Longtemps retranché dans les grottes du silence depuis trois ans, le célèbre exilé a libéré la parole. Dans un contexte embaumé par les effluves de la prochaine présidentielle et les rumeurs sur sa présence dans le starting-block, Talon avait la pression morale, surtout que son très long mutisme avait fait le lit du fleuve de préjugés , d’accusations , d’affabulations…Cible désignée par la nébuleuse, le magnat du coton avait besoin d’une cure de parole pour la thérapie du mal de la cabale contre sa personne. Contraint donc à la parole, Talon enfile le costume de l’orateur et devient l’hôte légitime de la presse pour un entretien haut de gamme.

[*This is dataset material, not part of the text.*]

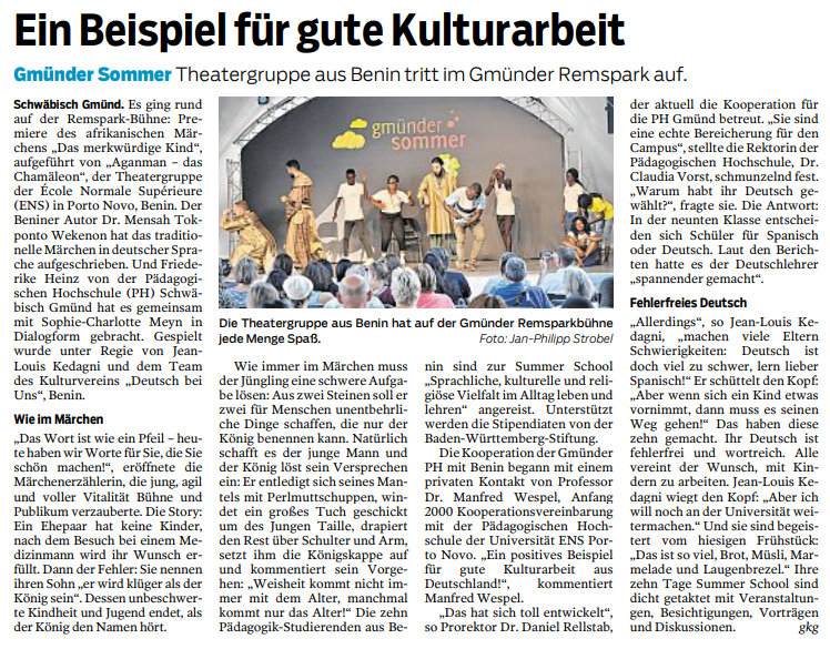 Ein besonderes Highlight war die von der VHS Schwäbisch Gmünd und dem Verein der Freunde der PH geförderte Theateraufführung der Studierenden der ENS auf der Remsparkbühne, die ein beninisches Märchen im interkulturellen Kontext erzählte.

Il y a de la matière pour cet homme à forte notoriété. Sur son exil et les raisons de sa fuite du pays, Talon joue d’emblée la carte de la clarté : « Ce n’est pas l’affaire de la tentative d’empoisonnement qui m’a fait partir. « Cette affaire ayant été trouvée un mois après mon départ pour obtenir mon retour forcé à Cotonou au moyen d’une extradition », affirme-t-il. En réalité, l’objet de la brouille entre Talon et son ami Yayi est non négociable. L’insalubre histoire de la révision de la Constitution est une obsession pour le locataire de la Marina. Talon a horreur de ce fléau. Il fallait prendre la poudre d’escampette pour exorciser le mal. Déclaré persona non grata par le régime Yayi, sa demande de renouvellement de passeport périmé a suscité le veto de ses bourreaux.
On a découvert un Talon, homme de paix, satisfait de « l’apaisement du climat sociopolitique consécutif au bon déroulement des élections et à l’abandon du projet de révision de la Constitution ». Un Talon fortifié par le sens du pardon, de la réconciliation et de la concorde. Il dément ainsi avec autorité les préjugés sur l’esprit de vengeance.

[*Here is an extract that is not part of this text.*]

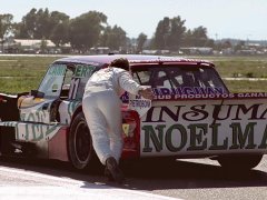 El uruguayense Nicolás Bonelli, finalizó una serie que venía liderando del Turismo Carretera en Viedma empujando su auto en los últimos metros. Su hermano Próspero, miembro del Bonelli Competición, no pudo contener las lágrimas.
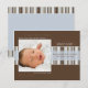 "Listras de Inverno" anúncio de nascimento em foto marrom/azul. Personalize este modelo moderno e elegante de cartão postal com a foto e detalhes do seu bebê para um anúncio de nascimento único.

L’homme d’affaires utilise les manettes de l’honneur, du patriotisme et de l’élégance et a horreur de condamnation financière punitive pour son pays. Premier investisseur béninois et premier employeur privé, il dénonce la situation socio-économique et met en cause la gouvernance politique. Ses œuvres sociales légitiment sa dimension humaine.
Talon, l’homme politique, est apparu dans l’entretien de l’année et il assume son implication dans le débat politique et son appui à la classe politique, toutes tendances confondues. Politique mais surtout réformateur, il fonde ses ambitions et son projet politique sur la réforme phare et révolutionnaire que constitue l’instauration du mandat unique. Fortement inspiré des principes démocratiques, Talon fait de la séparation du pouvoir le cœur de la gouvernance et élève au rang de priorité le rééquilibrage des pouvoirs entre institutions.

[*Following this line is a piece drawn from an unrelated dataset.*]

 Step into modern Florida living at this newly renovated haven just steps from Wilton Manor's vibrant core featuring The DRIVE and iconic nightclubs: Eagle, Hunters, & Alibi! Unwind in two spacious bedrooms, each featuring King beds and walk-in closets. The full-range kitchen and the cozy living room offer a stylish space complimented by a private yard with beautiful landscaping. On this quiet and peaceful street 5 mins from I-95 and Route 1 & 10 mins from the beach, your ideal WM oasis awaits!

Le candidat Talon ne s’est pas d’emblée révélé. Il lie sa candidature à une réponse adéquate et concertée avec les leaders politiques du pays. La stratégie relève d’une logique politique pour ce sponsor de la politique, animateur discret de la sphère politique. De toute évidence, Talon se lancera dans la course à la succession de Boni Yayi.
Talon en mode cinq étoiles a décidé d’entrer en scène et de prendre les initiatives. Il refuse d’avancer masqué et opte pour une dynamique politique de la performance soutenue par la rationalité du débat. En route pour 2016, il sait que le chemin est encore loin et que la traversée risque d’être mouvementée.